Many engagements occur during the holiday season.When a couple decides to gets married, they
usually comingle at least some of their personal finances. Some of the biggest
challenges a couple will face include joint goal-setting, establishing accounts
at financial institutions, deciding how to pay bills and manage money, and
filing income taxes as a married couple. Below are five recommendations to
consider:
- Set Joint Financial Goals- Make a list of short- and longer- term needs and wants. For example, one spouse may need a new car within a year and, together, a couple wants to buy a house within three years. Determine the cost of each goal and the amount that needs to be saved each month to achieve it on time. As an initial financial goal, plan to save at least 3 months living expenses for emergencies such as car repairs.
- Develop a Spending Plan- Prepare a spending plan (a.k.a., budget) that includes savings for financial goals. Review and revise it as needed. A simple spending plan includes monthly net income, fixed expenses, flexible expenses, and occasional expenses that are paid less frequently than monthly (e.g., quarterly insurance premiums).
- Develop a Cash Management Plan- Decide if and how you want to merge financial accounts (e.g., savings and checking). Some couples prefer one joint account while others prefer two separate accounts or a combination of separate and joint accounts. Factors to consider include convenience, a desire by each spouse for some personal “spending money,” and the minimum balances required by financial institutions to avoid fees.
- Develop a Payment Plan-Decide how to divide household expenses. If the incomes of two working spouses are fairly equal, bills can be split 50/50. If there is a substantial difference in earnings, bills can be pro-rated. For example, the spouse who earns 70% of household income would pay 70% of the couple’s expenses. The other spouse who earns 30% of total income would pay the remaining 30% of the bills.
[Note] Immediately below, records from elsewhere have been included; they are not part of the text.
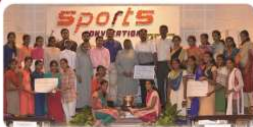
'Best College in Sports' in the University of Calicut & 'Women Aggregate Championship'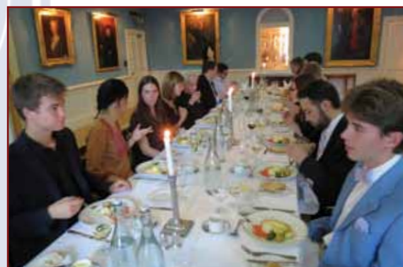
Oxford seminar closing dinner in Champneys Room at Oriel College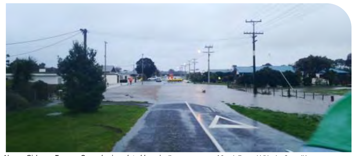
Above: Gisborne Terrace, Opunake, inundated by rain.

It's in two parts: A rural component to divert floodwaters away from the township, and an urban component to upgrade culverts and channels within the township. The urban part will be designed and implemented by the STDC, with the rural component being handled by the TRC. The scheme is designed to protect Opunake from a one-in-100-year (1% probability) flooding event.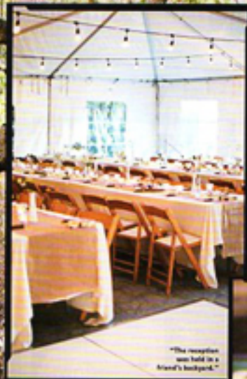
"The reception was held in a friend's backyard."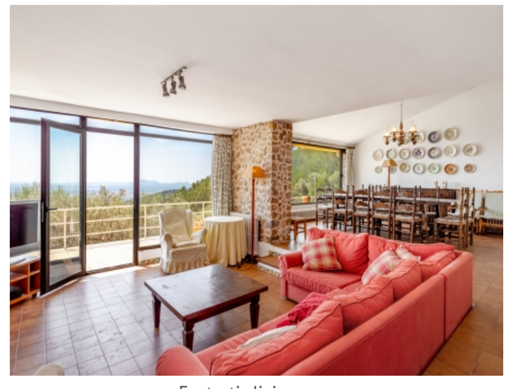
Fantastic living area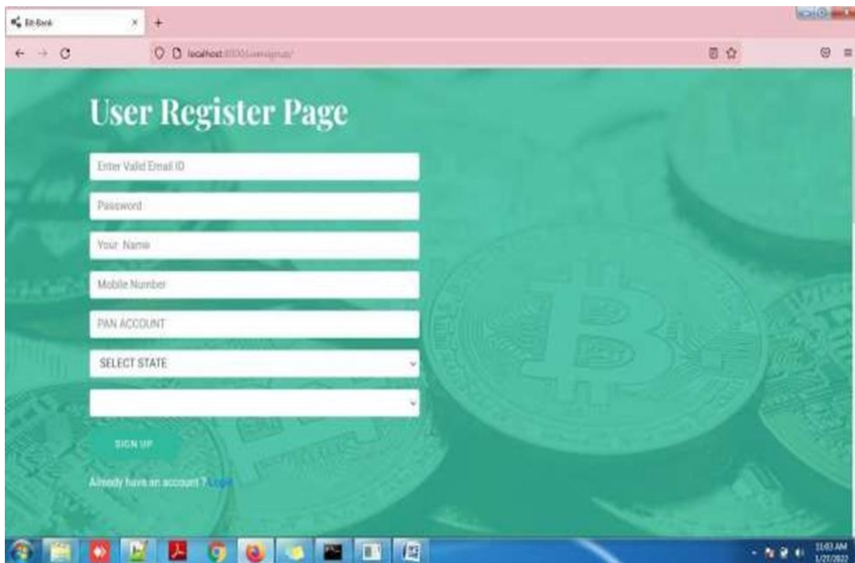
Fig. 3. User Register Page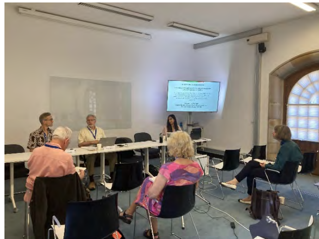
Panel discussion at the LPGM

with legal academics in different research field, experts, and visionaries, to explore innovative strategies and ideas to drive forward progress in our respective fields.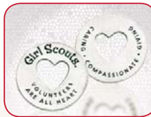
NEW! Volunteer Pocket Token. Perfect keepsake that can be carried in a purse, pocket or worn on a chain. Heart center cut-out. Imprinted on one side with "Girl Scouts Volunteers Are All Heart" and on the other side with "Caring, Compassionate, Giving". 1" round. Pewter. Made in USA. 24669. $2.00.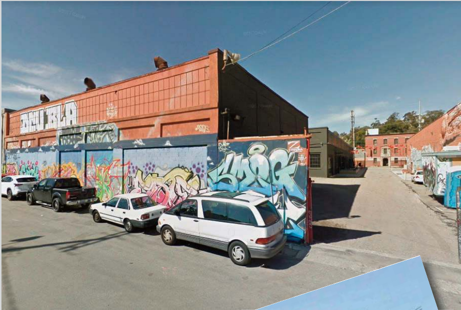
1729 - 1743 Naud Street - Baby's All Right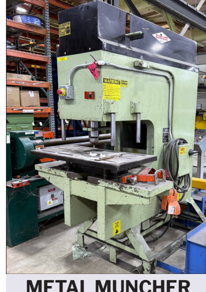
METAL MUNCHER MODEL GB-100-18 HYDRAULIC PUNCH VIEW LOT #8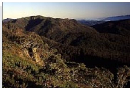
Mt Speculation from Mt Howitt

A nother option is the Upper Howqua Road but this really is a long drive across potentially snow covered mountain roads. It begins near the toll gate to Mt Buller and circles around.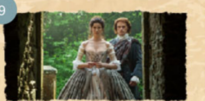
Glencorse Old Kirk - Penicuik Season 1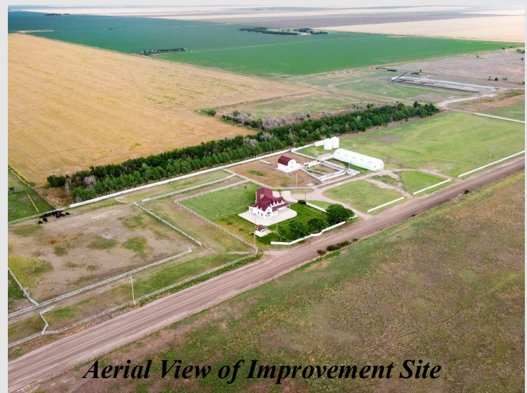
Aerial View of Improvement Site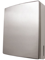
Ellipse Paper Towel Dispenser ANMB-725AR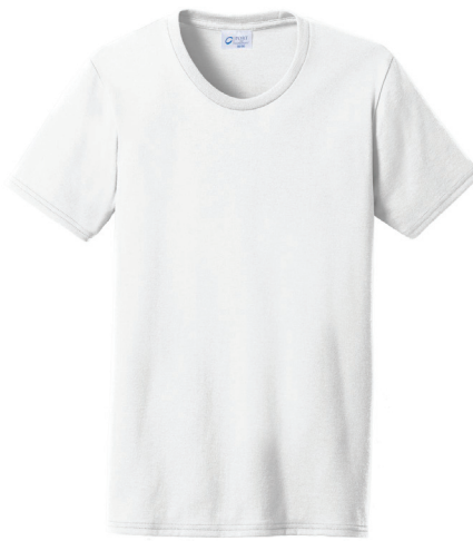
PORT & COMPANY® Women's Core Blend Tee LPC55 | Women's Sizes: XS—4XL | 7 Colors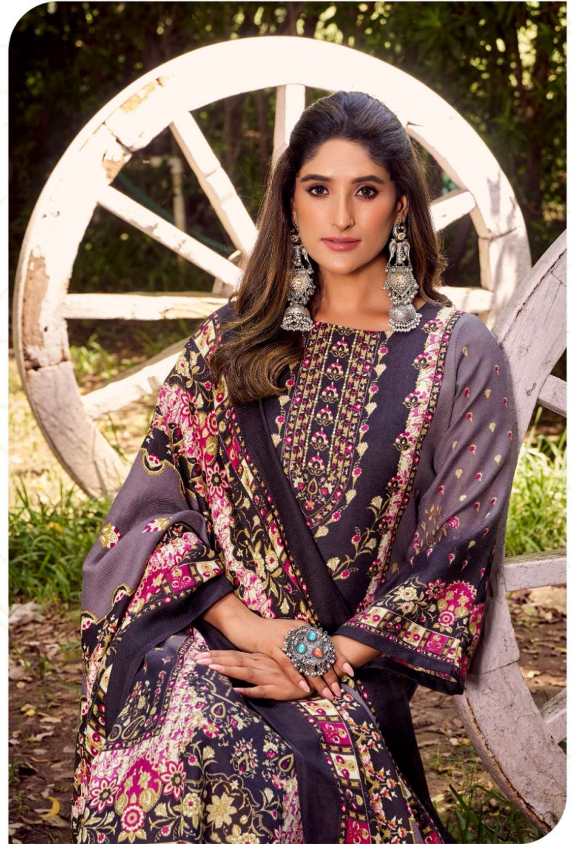
Unique shade of red and the warmth of subtle print is together an avalanche of beauty.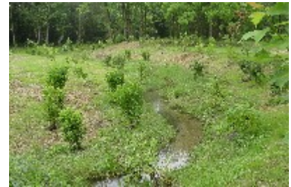
Restoration of McIlvaine Run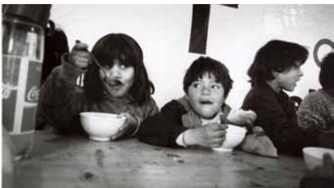
1992-1996 The opening of the "Soup kitchen" for the poor, and other supporting projects.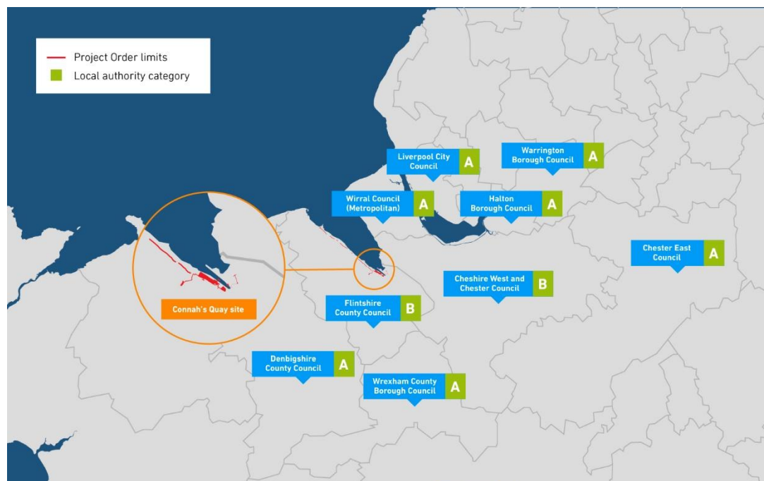
Figure 2: Administrative boundaries of section 42(1)(b) authorities for Statutory Consultation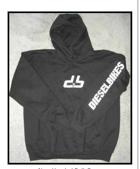
New Hooded Pull-Over $30.00 each (Free Shipping)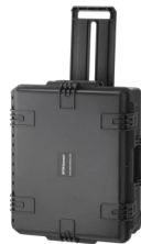
Large Case Holds 8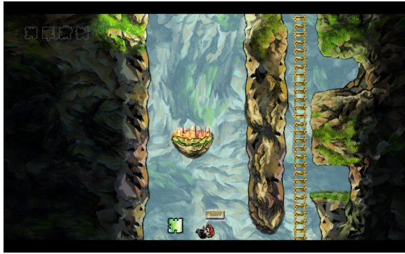
Figure 2: Braid teaching time rewinding mechanic when the player dies.

malizing the game logic of Minecraft into rules, they were able to create action graphs representing the player experience, and create quests and achievements based off those actions.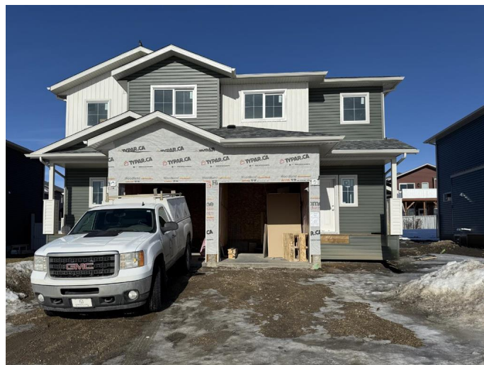
The Oxford II Duplex Unit with basement suite 1,337 s.f./ 1,316 s.f.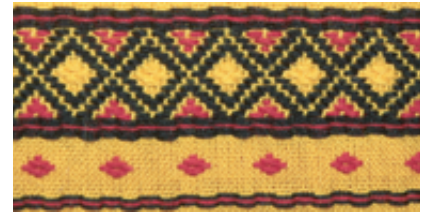
Name of pattern: Baitha meaning paddle/boat oar. © R00HI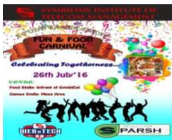
Figure 10: Fun and Food – Donation of Profits to needy

They will provide food item the stalls and the profits generated from the activities will be donated to the underprivileged to the villages we associate due to our location and relations. The event took place on at SIU campus. On one hand it teaches them entrepreneurship and on the other hand teaches them the social responsibility. The profit generated out of this is donated to various NGOs over a period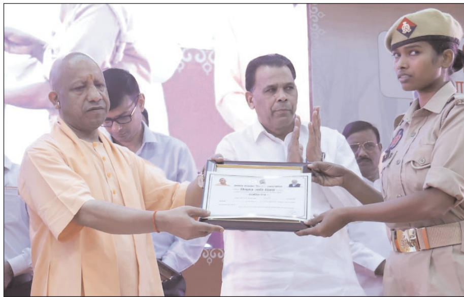
Hon'ble Chief Minister Yogi Adityanath on the occasion of the Vimukta Jati Diwas celebration organized for the welfare of the freed and nomadic castes at Bhaagidari Bhawan, Lucknow on Sunday.

transparent and fair by the state government through online process, in which all people are getting equal opportunity in our government without any discrimination, which fulfills the commitment of our government of Sabka Saath, Sabka Vikas, Sabka Vishwas.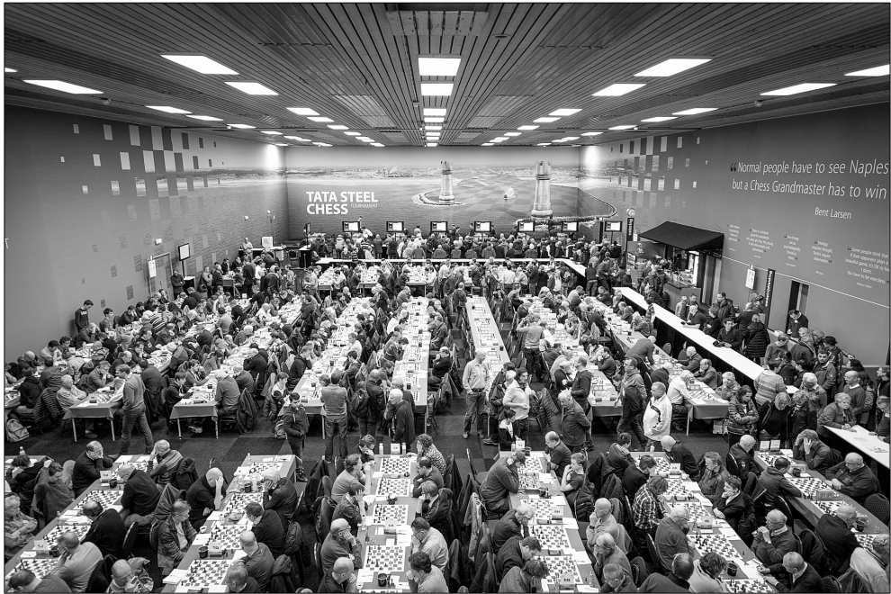
Overview of the tournament hall of the Tata Steel tournament

concentrate on our conversation, while at the same time a mishmash of players were chatting loudly to each other about their recently finished games. So in Wijk I asked either for a separate interview room around the tournament hall where I could have a real conversation with a player undisturbed, or I made an appointment in the hotel – at Het Hoge Duin or the top players' resort at Zeeduin . These good conditions certainly contributed to the success of many interviews.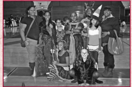
Students from the Trenton After School Program take a minute to gather for photos before the Halloween parade in the CYO Center gymnasium.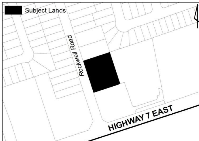
Map 2. Location of Rockwell Parkette

Location: Ward 6, Rockwell Road, see Map 2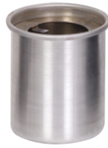
fuel can(1 set)

- Come Clean About Credit- Review each other’s credit reports prior to marriage. If a spouse-to-be has a poor credit history, don’t apply for a joint loan (e.g., mortgage) or credit cards. Keep your credit histories separate until negative information drops off the poor credit report, usually in 7 years (10 years for bankruptcy). If one spouse co-signs a loan for the other, he or she becomes legally responsible. Similarly, if financial accounts are merged, assets of the spouse with a good credit history can be seized by creditors.